But as data makes its way into the cloud and is increasingly democratized as a shared resource across clouds and at the edge, practitioners have to bring Sec DevOps mindsets to securing their cloud data warehouses. Hello, and welcome to this week's Wikibon, "theCUBE Insights," powered by ETR. In this "Breaking Analysis," we take a closer look at the fundamentals of securing Snowflake and to do so, we welcome two guests into the program. Ben Herzberg is an experienced hacker and developer and an expert in several aspects of data security. He's currently working as the Chief Data Scientist at Satori, and he's joined by his colleague, Yoav Cohen, who is a technology visionary, and currently serving as CTO at Satori Cyber. Gentlemen, welcome to "theCUBE," great to see you. Great to be here. >> Thanks for having us, Dave. Now, these two individuals have co-authored a book on Snowflake Security. It's a comprehensive guide to what you need to know as a data practitioner using Snowflake. So guys, congratulations on the book. It's really detailed, packed with great information, best practices and practical advice and insights all in one place, so really good work. So, before we get into the discussion, I want to share some ETR survey data just to set the context. We're seeing cybersecurity and data, they're colliding in a really important way. And here's some data points that we've shared before from ETR's latest drill down survey. They asked more than 1200 respondents. We're talking CIOs, CSOs and IT professionals, "Which organizational priorities "will be most important in 2022?" And these were the top seven. There were a lot of others, but these were the most important.

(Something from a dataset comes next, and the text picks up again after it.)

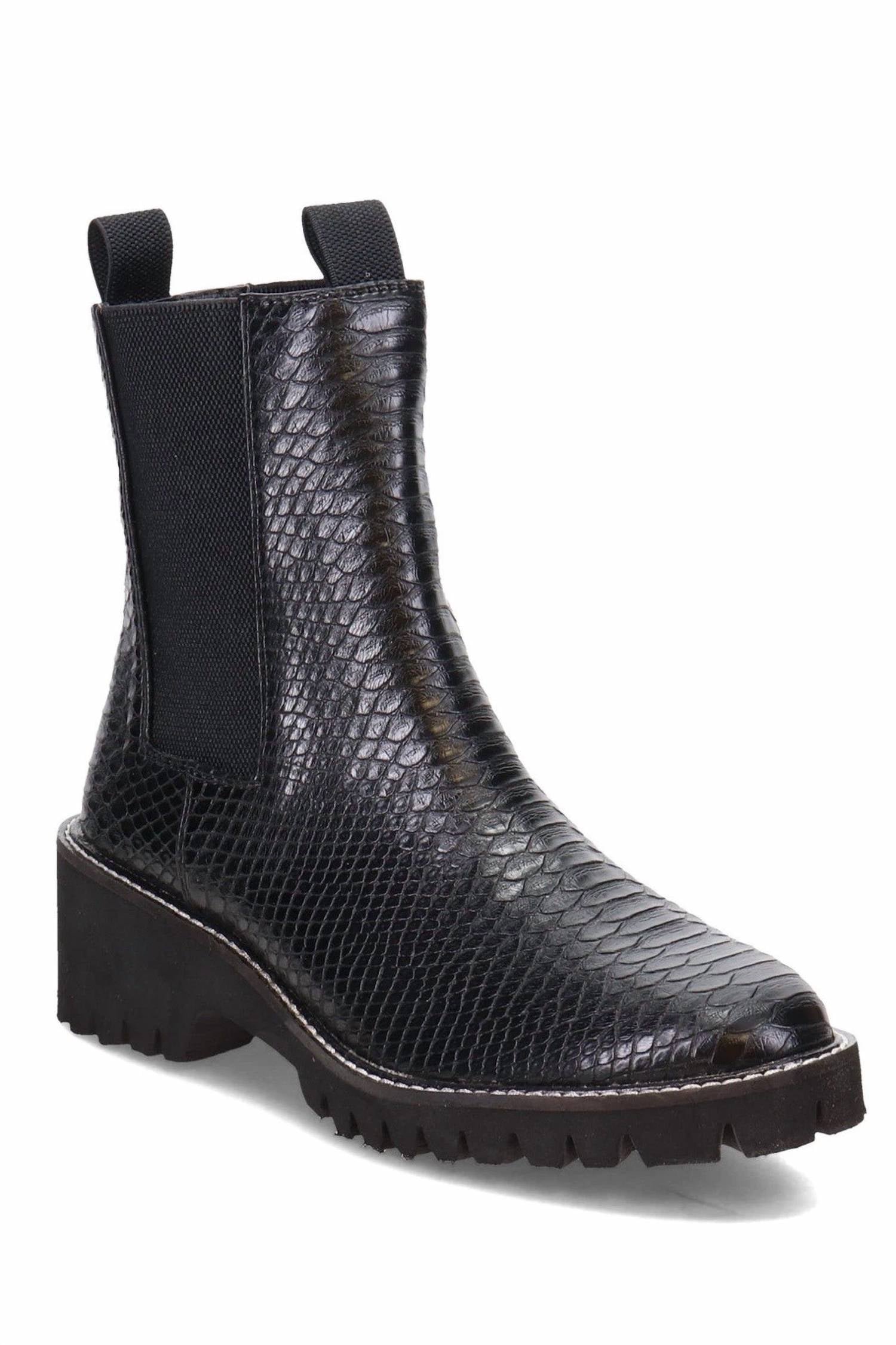 Say hello to the perfect, most versatile boot. The ankle height makes this style easily transition from day to night. Wear them with your favorite skinny jeans and tee for a more laid back look, or pair them with your favorite mini dress and jacket for a night out on the town.Step up your style with the Women’s Chase Boot by Coconuts by Matisse, a standout piece featuring chunky Chelsea boot design in trendy snake embossed black vegan leather. With a 6.5-inch shaft height, 11-inch boot opening, and 2-inch chunky heel, this pull-on boot combines comfort and vintage flair. The shoe is crafted with a synthetic leather upper and textile lining, completing with a padded insole for all-day comfort. Perfect for a fall concert, these boots cater to those seeking both fashion and function.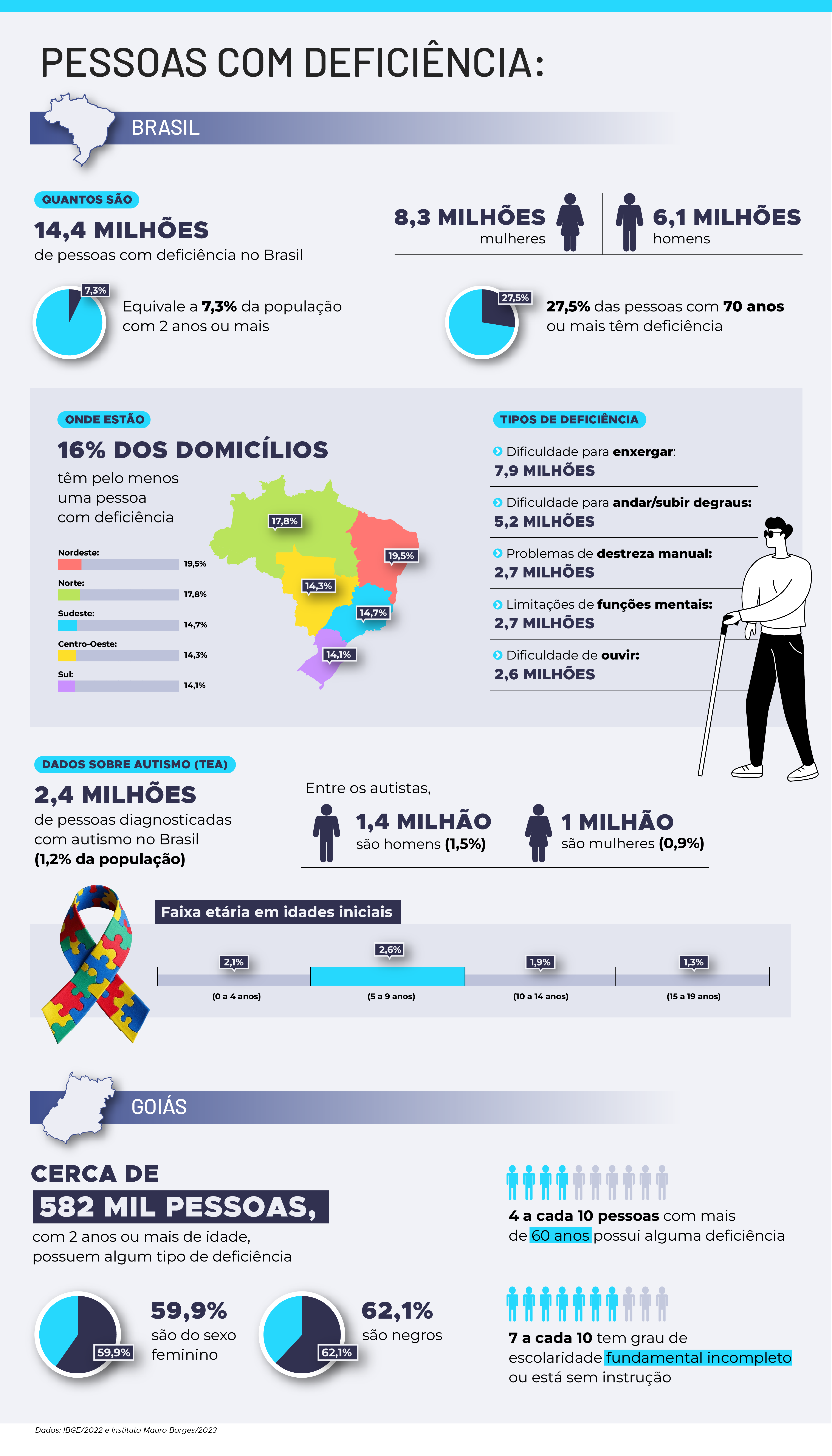 Goiânia - O Brasil tem mais de 14,4 milhões de pessoas com deficiência, o que equivale a 7,3% da população com 2 anos ou mais. Em Goiás, as estatísticas revelam cerca de 582 mil pessoas com algum tipo de deficiência, segundo dados do Instituto Brasileiro de Geografia e Estatística (IBGE). Esse público exerce enorme importância para a economia nacional, pois é responsável por movimentar mais de R$ 5,5 bilhões por ano, de acordo com levantamento da Fundação Getulio Vargas (FGV).

So, it's no surprise that security is number one, although, as we shared in our predictions post, the magnitude of its relative importance, it does vary by the degree of expertise within the organization. The Delta is maybe not as significant, for example, in large companies, and you can see where analytics and data fit. And we've tied these two domains together and picked up on a term that our two guests have used, in fact, you guys may have even coined it, called DataSecOps, which, to me, is the idea that you bring Agile DevOps practices to data operations and built-in security as part of the full cycle of managing, creating the data, using the data, accessing the data, not a bolt on, but it's fundamental, so guys, what do you make of this data, and what's your point of view on DataSecOps? So, definitely aligns with what we're seeing on the ground in the market. In between what you saw there, you had cybersecurity and data warehousing. In the middle you had cloud migration, and that's basically what's pushing companies to invest in both security and data and warehousing, because the cloud changed the game for cybersecurity. The tools that we use before are not the same tools that we need to use now. And also, it unlocks a lot of performance value and capabilities around data warehousing. So, all of that comes together to a big trend in the industry for investment, for replacement, and definitely we're seeing that on the Snowflake platform, which is doing really, really well recently. Yeah, well thank you, Yoav. And to that point, I want to share another data point and then dive in, maybe Ben, you can comment. And I want to address, why are we always talking about Snowflake? Of course, it's a hot company. Everybody knows that. You can see it in the company's financials, but the ETR survey data tells a really compelling story about the company. Here's a chart from the most recent ETR January survey. And so, you can see at the, at the top, that blue line, it represents net score or spending momentum, and the darker line at the bottom represents presence or pervasiveness in the survey sample. Just a background, there are 165 Snowflake customers that responded to this past survey. 10% of companies within the Fortune 500 were in the sample, and around 4% of Global 2000 companies participated.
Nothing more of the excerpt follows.